联想从国有企业演变成民营集团揭秘(深度)

https://www.toutiao.com/a6700811317143405067/

 

2019-06-10 16:10:12

莫颜 时代壹周刊

 

联想从国有企业演变成民营集团揭秘(深度)

 

 

“有时我正好碰见他从楼里面走出来,他没有和我打招呼,就一头钻进自己的奔驰里。我无所谓,推着单车慢慢地走过去,但透过小车的反光玻璃,我看不清他的表情。后来他就搬往别墅去了。”

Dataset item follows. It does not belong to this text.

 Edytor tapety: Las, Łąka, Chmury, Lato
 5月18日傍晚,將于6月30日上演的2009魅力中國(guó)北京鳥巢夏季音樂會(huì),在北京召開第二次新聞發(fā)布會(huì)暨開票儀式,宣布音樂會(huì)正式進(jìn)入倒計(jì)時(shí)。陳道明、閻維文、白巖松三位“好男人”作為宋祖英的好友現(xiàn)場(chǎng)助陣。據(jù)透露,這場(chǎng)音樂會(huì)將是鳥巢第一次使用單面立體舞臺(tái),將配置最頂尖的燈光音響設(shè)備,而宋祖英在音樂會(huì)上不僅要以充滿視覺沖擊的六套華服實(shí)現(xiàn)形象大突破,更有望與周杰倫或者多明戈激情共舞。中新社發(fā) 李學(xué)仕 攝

1996年,已经被联想解除了所有职务的倪光南,和柳传志还同住在中关村东小区,柳传志住4楼,倪光南住5楼。

两人相见时,已经无言。

”狡兔死,走狗烹“,用这句话来形容倪光南之于联想、之于柳传志,恰如其分。

倪光南一定忘不了1995年6月30日的那个清晨。

联想的200名管理层人挤人的到一间会议室里,窃窃私语到底什么事,要这么兴师动众。

只见,柳传志和倪光南分别坐在第一排的左右两侧。

中间坐着的是中科院计算所的所长、联想的董事长曾茂朝。

“光南同志,经董事会决定,你要离开你现在的工作岗位了”,曾茂朝面色浓重的说道。

 

联想从国有企业演变成民营集团揭秘(深度)

 

 

倪光南当时是联想的总工程师,行政职务上仅此于董事长的曾和任总裁的柳传志。

在会议之前就得知倪光南会“出局”的柳传志却当众掩面而泣,掏出手绢来擦泪,令所有在场的人目瞪口呆。

我不知道“猫哭耗子假慈悲”来形容柳传志是否恰当,但是给我的第一反应就是这个成语。为什么这么说呢,后文会给你细细道来。

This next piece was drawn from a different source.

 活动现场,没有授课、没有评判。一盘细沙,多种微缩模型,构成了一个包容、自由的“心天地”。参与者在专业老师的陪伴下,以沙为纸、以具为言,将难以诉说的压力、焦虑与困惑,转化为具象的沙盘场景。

后来倪光南回忆称,他自己则无动于衷,称柳传志“流泪只是表演”。

也正是这场表演,埋下了此后三十年联想沉沦大幕的伏笔。

没有他,柳传志还在卖旱冰鞋

1、亏了14万

当初,柳传志很羡慕那些有关系能倒彩电的公司。

这时候他的联想才刚刚创立,公司那十来个人,没事就在中关村还算宽阔的步行街上,卖卖旱冰鞋、电子表,甚至还摆地摊卖过裤衩,样样赔钱,前景迷茫。

80年代初,改革开放刚刚拉开序幕,体制改革如火如荼,带有计划经济色彩的财政拨款也相继缩减,甚至取消。很多国有单位的老总都忧心忡忡,一心想着办个公司赚点钱,不然这一堆吃惯了皇粮的老员工得天天堵办公室。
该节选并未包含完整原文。